And it’s just so weird. I’m happy! I’m happy with Robin, the bills are getting paid well enough, and I love what I do at Skullvines (would probably be depressed if I wasn’t doing it), plus I have a blast each week on the Metal Crypt.

I don’t have any bad memories springing up during this, just that overwhelming emotion. It’s like those people on that shitty movie, The Happening. No reason, just wham!

So I don’t need cheering up, or someone to talk to (though I appreciate the offers), because I can’t think of what’s wrong. Maybe it’s just something wrong, like serotonin levels dropping in my brain (Lexapro helps that). Maybe it really is a bit of a breakdown from worrying over Robin for so many years (which I’ll take on ’til the day I die, and gladly). I don’t know, but consciously, I’m okay.

Like I said, it’s weird. I still hope they’ll get the blood test results and see it was hormones, but I’m not getting my hopes up on that. Right now, my head is still swimming but my thinking is more straight.
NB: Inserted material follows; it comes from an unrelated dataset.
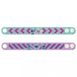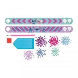 Crea i tuoi braccialetti scintillanti con motivo Stitch usando la pittura diamantata. Questo set creativo contiene tutto il necessario per decorare due braccialetti originali con gemme brillanti.
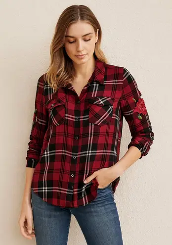 Pre-loved Guess Los Angeles red and black plaid flannel shirt with gorgeous floral embroidery on sle... Show more

I’ve gotta kick this, though. I have to be fit to take care of Robin. I couldn’t handle it if they took her away (no one is saying that, but it’s a fear now). Robin is being very supportive, by the way. She even joked to the doctor that I’m getting her back, LOL! She never left me side during my low points, though.

Well, things got worse from there. Going from memory, I believe my last Metal Crypt interview then was with the Kevin Eastman, creator of Teenage Mutant Ninja Turtles. I kept spacing out -brain farting- throughout the discussion, and that’s when I decided I couldn’t be on a live show while this was going on. More and more, I couldn’t sleep and everything was going downhill. It took a few months before I was able to blog more than a few words, but in April I recapped things in more detail.

From April 4th:

Okay, I just got back from the doctor but before getting into it, I’d may as well offer a bunch of details on this issue.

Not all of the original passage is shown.